Saunders and LaRoquette later became Rock and Redeemer after much of Bruce Banner's Hulkbuster team were killed. Rock had an external hide made of deadly minerals which can be used to impale and grow in size. Redeemer uses an exoskeletal suit with weapons like repulsor blasters, and rocket fuel. The Leader later recruits the two into "New Freehold" along with the Riot Squad.

===S.H.I.E.L.D.'s Hulkbusters===
Hulk's exile from Earth by the Illuminati during the events of "Planet Hulk" leads to his enemies causing chaos unopposed. As a result, S.H.I.E.L.D. forms a team called the Hulkbusters to capture the villains and implant them with nanotechnology to nullify their powers. The team was led by Clay Quartermain and members included Agent Cheesecake, Agent Crimson, and She-Hulk.

==Other versions==
An alternate universe iteration of the Hulkbusters from Earth-1610 appears in the Ultimate Marvel universe. This version of the group works under Nick Fury and S.H.I.E.L.D.

==In other media==
===Television===
- The original Hulkbusters appear in The Incredible Hulk (1996).
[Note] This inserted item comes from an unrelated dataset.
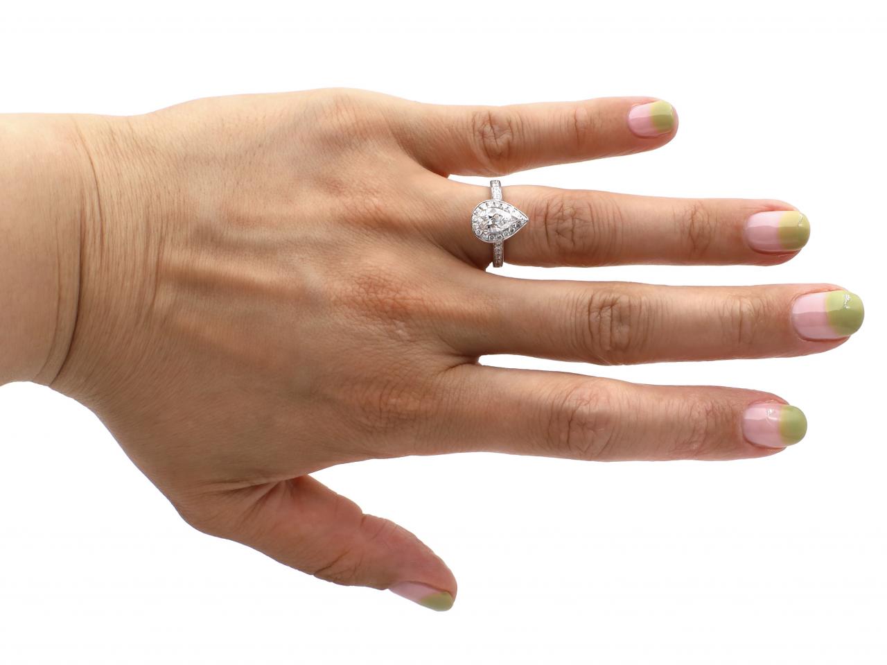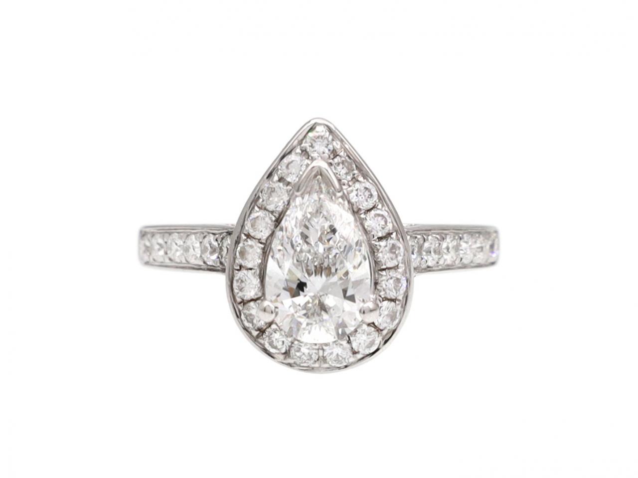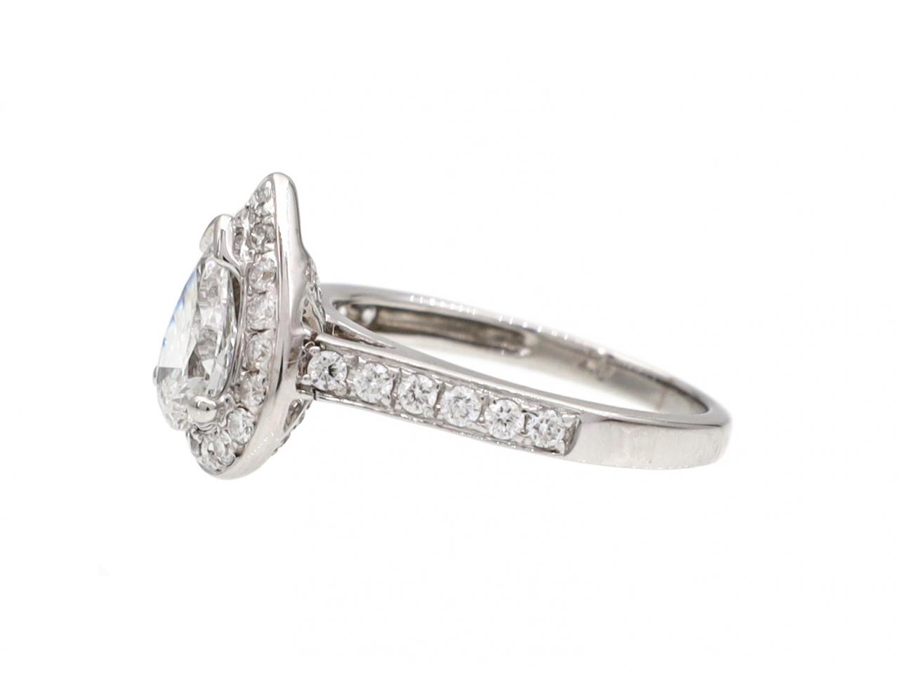 Diamond pear shape halo cluster engagement ring in 18kt white gold. Centrally set with an estimated 0.70ct pear shape brilliant cut diamond in a raised claw setting, bordered and flanked by round brilliant cut diamonds in pave settings, to an elegant pear shape cluster with curving claws, polished borders and openwork gallery with diamond details, met to either side with raised diamond set shoulders which terminate to a solid shank. Hallmarked 18kt gold.

This version is led by Thunderbolt Ross and Gabriel Jones.
- The original Hulkbusters appear in The Avengers: Earth's Mightiest Heroes.
- S.H.I.E.L.D.'s Hulkbusters appear in the Ultimate Spider-Man episode "The Incredible Spider-Hulk". This version is led by Phil Coulson.
- The original Hulkbusters appear in Hulk and the Agents of S.M.A.S.H.. These versions are a countermeasure for the Agents of S.M.A.S.H.
- The Hulkbusters appear in Avengers Assemble.

===Video games===
- The Hulkbusters appear in Hulk (2003). These versions are military units controlled by John Ryker.
- The Hulkbusters appear in The Incredible Hulk: Ultimate Destruction. These versions are soldiers who mentally control mechanical armor of varying sizes and capabilities.
- Armored Hulkbusters appear in The Incredible Hulk (2008), with two voiced by S. Scott Bullock and Chris Edgerly. These suits are identified as StarkTech models.

===Novels===
Craig Saunders Jr. and Samuel LaRoquette appear in the novelization of the 2008 film The Incredible Hulk. These versions are members of a military strike team sent to capture the Hulk and also appear unnamed in the film.